Most of the buyers were banks who are flush with funds since lending remains sluggish. Outstanding loans were up only 0.03 percent this year as of late last month while deposits rose by 3.86 percent.
Thoi Bao Kinh Te Vietnam newspaper Tuesday quoted economist Vu Dinh Anh as saying banks prefer bonds since they lend little and gold and other asset classes are risky.
The bonds also offer instant liquidity.
But it does no good for the economy, Nguyen Hoang Hai, general director of the Vietnam Association of Financial Investors, pointed out.
Since the government is unintentionally proffering them a safe investment channel, banks lack the motivation to lend to companies, who have repeatedly sought lower interest rates, he said.

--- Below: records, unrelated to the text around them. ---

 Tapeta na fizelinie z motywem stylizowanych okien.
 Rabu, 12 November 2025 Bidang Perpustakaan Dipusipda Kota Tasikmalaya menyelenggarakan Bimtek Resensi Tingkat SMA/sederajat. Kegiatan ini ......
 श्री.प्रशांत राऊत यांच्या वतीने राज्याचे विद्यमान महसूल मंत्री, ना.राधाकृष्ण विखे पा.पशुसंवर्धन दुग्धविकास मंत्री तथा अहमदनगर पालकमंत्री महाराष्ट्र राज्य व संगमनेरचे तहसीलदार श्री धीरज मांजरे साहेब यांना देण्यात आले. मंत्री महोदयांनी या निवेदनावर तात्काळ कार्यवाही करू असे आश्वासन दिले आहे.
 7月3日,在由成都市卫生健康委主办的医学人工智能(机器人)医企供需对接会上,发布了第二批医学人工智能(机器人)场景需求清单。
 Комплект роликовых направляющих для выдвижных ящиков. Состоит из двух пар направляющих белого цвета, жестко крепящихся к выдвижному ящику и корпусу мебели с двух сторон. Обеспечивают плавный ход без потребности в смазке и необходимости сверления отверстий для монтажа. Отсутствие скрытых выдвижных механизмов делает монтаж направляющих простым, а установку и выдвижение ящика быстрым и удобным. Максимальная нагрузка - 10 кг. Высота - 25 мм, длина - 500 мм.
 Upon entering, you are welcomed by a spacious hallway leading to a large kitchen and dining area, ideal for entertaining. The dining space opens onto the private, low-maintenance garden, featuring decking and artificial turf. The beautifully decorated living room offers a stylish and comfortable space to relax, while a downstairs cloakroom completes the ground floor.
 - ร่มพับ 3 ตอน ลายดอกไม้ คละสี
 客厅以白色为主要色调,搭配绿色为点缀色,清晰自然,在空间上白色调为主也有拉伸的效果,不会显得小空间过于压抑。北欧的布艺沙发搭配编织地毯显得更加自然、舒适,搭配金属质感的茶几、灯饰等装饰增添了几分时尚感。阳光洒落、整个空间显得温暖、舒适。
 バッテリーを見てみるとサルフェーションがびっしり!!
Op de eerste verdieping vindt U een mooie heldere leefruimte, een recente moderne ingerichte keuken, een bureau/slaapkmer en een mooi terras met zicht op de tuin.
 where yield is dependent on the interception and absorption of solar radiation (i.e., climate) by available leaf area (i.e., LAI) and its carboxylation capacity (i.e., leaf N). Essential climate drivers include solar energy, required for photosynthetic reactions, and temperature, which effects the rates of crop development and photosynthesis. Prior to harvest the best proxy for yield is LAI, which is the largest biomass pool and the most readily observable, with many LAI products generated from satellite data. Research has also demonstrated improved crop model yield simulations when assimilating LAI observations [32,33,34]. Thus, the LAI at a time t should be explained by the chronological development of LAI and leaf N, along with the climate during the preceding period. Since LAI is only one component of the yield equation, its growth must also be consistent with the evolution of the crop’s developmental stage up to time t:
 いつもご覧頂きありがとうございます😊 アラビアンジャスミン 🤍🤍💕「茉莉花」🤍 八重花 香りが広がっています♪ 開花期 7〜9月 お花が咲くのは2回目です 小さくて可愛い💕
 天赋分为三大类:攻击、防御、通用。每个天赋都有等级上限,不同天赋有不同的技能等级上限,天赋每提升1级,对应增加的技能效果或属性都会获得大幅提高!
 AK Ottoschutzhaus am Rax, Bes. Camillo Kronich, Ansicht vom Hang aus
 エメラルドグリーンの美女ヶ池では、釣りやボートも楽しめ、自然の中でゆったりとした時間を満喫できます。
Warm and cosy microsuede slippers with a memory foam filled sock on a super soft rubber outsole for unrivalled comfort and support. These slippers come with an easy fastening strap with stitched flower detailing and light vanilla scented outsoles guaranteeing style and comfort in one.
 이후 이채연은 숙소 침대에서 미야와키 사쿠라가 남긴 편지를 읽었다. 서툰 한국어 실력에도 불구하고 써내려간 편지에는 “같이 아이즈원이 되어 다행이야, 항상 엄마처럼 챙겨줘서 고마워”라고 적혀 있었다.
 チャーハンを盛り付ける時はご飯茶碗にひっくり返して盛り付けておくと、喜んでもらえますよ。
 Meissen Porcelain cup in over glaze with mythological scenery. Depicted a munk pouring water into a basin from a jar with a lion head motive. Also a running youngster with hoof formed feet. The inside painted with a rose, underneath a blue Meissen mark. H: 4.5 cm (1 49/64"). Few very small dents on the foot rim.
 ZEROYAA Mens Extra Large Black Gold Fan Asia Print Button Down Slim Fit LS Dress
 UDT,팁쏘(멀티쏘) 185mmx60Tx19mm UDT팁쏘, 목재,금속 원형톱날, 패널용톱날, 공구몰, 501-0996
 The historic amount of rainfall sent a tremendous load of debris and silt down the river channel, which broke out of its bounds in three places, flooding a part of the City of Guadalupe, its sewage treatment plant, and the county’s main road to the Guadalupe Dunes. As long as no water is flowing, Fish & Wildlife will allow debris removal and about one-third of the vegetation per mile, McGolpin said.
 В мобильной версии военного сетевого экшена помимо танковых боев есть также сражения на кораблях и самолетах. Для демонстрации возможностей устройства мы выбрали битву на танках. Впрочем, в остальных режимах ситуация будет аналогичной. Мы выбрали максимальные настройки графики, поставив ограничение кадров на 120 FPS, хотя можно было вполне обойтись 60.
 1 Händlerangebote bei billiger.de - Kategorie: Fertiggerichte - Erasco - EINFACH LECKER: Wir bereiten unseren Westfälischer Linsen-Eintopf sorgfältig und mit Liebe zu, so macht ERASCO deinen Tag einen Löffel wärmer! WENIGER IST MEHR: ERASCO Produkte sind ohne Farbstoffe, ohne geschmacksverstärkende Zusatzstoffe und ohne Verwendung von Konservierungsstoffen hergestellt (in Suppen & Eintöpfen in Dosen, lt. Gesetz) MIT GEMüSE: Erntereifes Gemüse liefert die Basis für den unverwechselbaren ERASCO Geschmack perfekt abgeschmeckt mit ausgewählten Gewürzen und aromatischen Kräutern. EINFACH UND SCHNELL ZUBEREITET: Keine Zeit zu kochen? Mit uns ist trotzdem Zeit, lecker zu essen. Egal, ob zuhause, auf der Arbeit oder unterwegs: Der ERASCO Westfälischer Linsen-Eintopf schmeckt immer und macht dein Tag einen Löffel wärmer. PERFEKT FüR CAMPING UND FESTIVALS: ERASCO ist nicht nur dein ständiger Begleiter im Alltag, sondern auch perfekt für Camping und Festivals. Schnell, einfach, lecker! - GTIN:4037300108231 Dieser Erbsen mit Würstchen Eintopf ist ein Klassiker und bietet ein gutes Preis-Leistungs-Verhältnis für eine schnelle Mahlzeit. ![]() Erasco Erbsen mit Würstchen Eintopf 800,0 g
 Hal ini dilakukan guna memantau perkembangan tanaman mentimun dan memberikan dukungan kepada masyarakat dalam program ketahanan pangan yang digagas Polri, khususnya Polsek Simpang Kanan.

The central bank late last month lowered the deposit rate cap to 7.5 percent from 8 percent. The National Financial Supervisory Committee has suggested a further cut to 7 percent to bring down lending rates to around 10 percent since businesses complain they still cannot afford the rates considering the economic situation.
The government bonds also hurt the uncompetitive non-government segment, he said, since they offer attractive yields of 8.8-9.4 percent.
"Yields of bonds issued by companies must be 13-15 percent to be able to compete [with government bonds], but these rates would be too high for them."
He called for trimming the rates on government bonds so that non-government bonds can become more competitive.
This would also persuade banks to focus on lending, he pointed out.